AI Infrastructure Spending Pushes Investors Toward Cash Flow
Microsoft, Oracle, Meta and Tesla are committing hundreds of billions of dollars to data centers, computing capacity and other AI-related assets.

Record spending on artificial-intelligence infrastructure is changing how investors assess major companies, placing greater weight on free cash flow, debt and capital efficiency alongside revenue growth.
The shift is most visible in the technology sector, where companies are committing large sums to data centers, computing capacity and other AI-related assets. The spending is raising a central market question: whether future AI revenue will be sufficient to justify the cost of building that infrastructure.
Microsoft generated $182.9 billion in operating cash flow for the fiscal year ended June 30, 2026, and used $139.5 billion for investing during the period. Additions to property and equipment rose by $51.4 billion, while the company had committed $34.6 billion for construction, primarily data centers, as of June 30.
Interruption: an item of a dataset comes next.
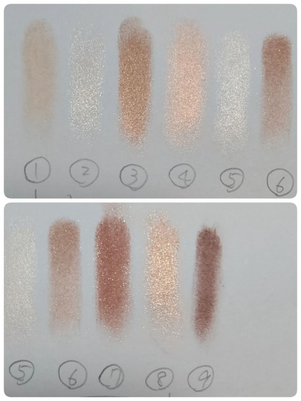 100円とは思えない発色の良さで、ラメが細かいものからグリッターまで色・質感が違うものが入っています イエベ向きの無難なブラウンで使いやすい🙆♀️ 全体的に粉飛び、崩れやすさがあるので、アイシャドウベースを使った方がいいと思います🦖⋆͛
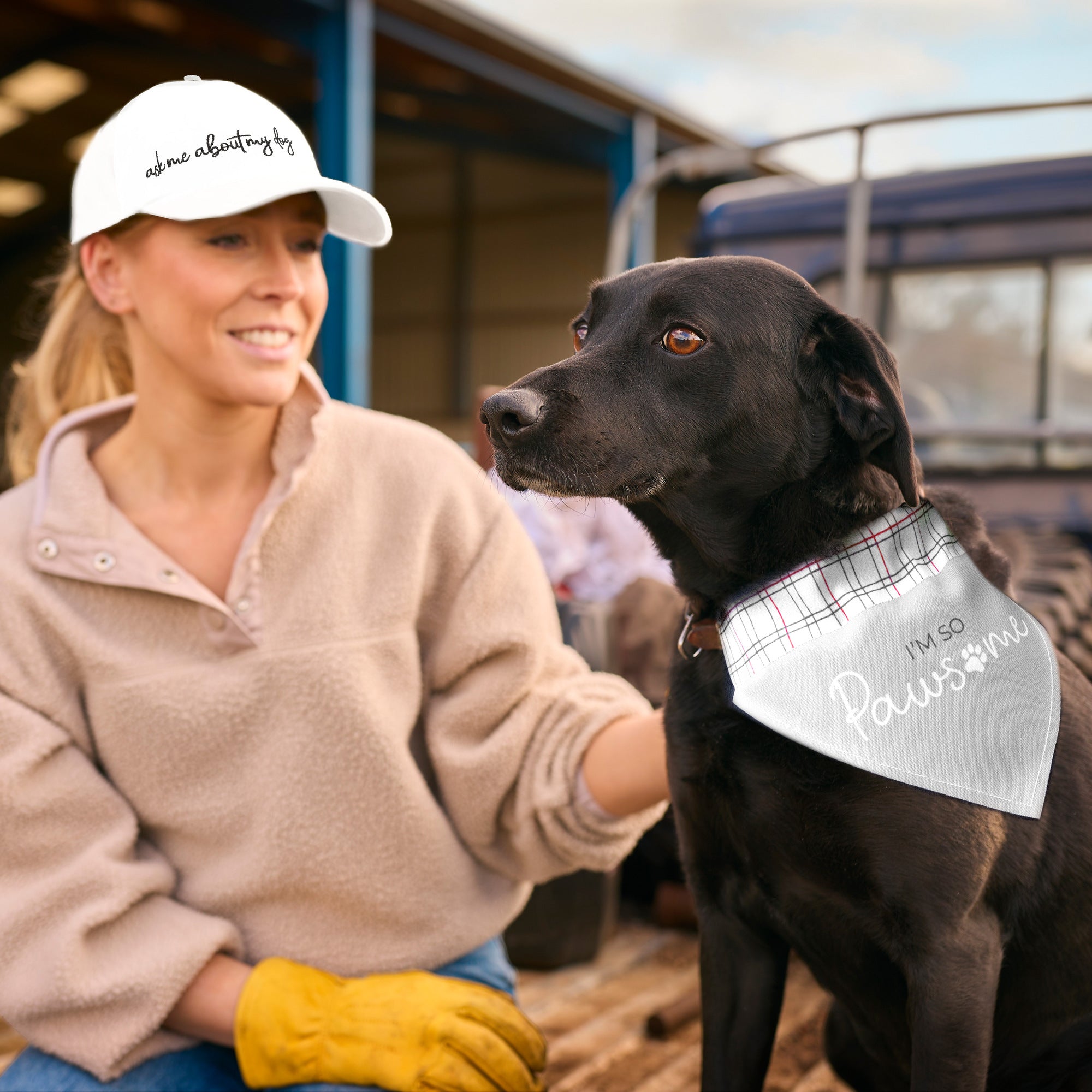 - IN-HOUSE DESIGN: The dark gray sentiment “Ask Me About My Dog” is stylishly embroidered on the front, allowing dog enthusiasts to express their love for their furry friend in a simple, understated way. An embroidered paw print on the side adds a playful touch, making this hat a must-have for dog parents. The neutral white color makes it a versatile accessory that complements a range of casual outfits.

Oracle reported $48.25 billion in capital expenditures and negative free cash flow of $24.736 billion for the trailing four quarters ended Feb. 28, 2026. Its capital expenditures increased from $12.1 billion to $39.2 billion during the first nine months of fiscal 2026, primarily as data-center expansion accelerated.
Meta Platforms expects 2026 capital expenditures of approximately $125 billion to $145 billion to support its AI efforts and core business. Tesla expects capital expenditures to exceed $25 billion, including spending on compute infrastructure, data centers and other AI-enabled assets.
Free cash flow is the cash left after operating expenses, interest, taxes and long-term investments. It gives investors a way to evaluate how much money a company retains after funding its operations and long-term expansion.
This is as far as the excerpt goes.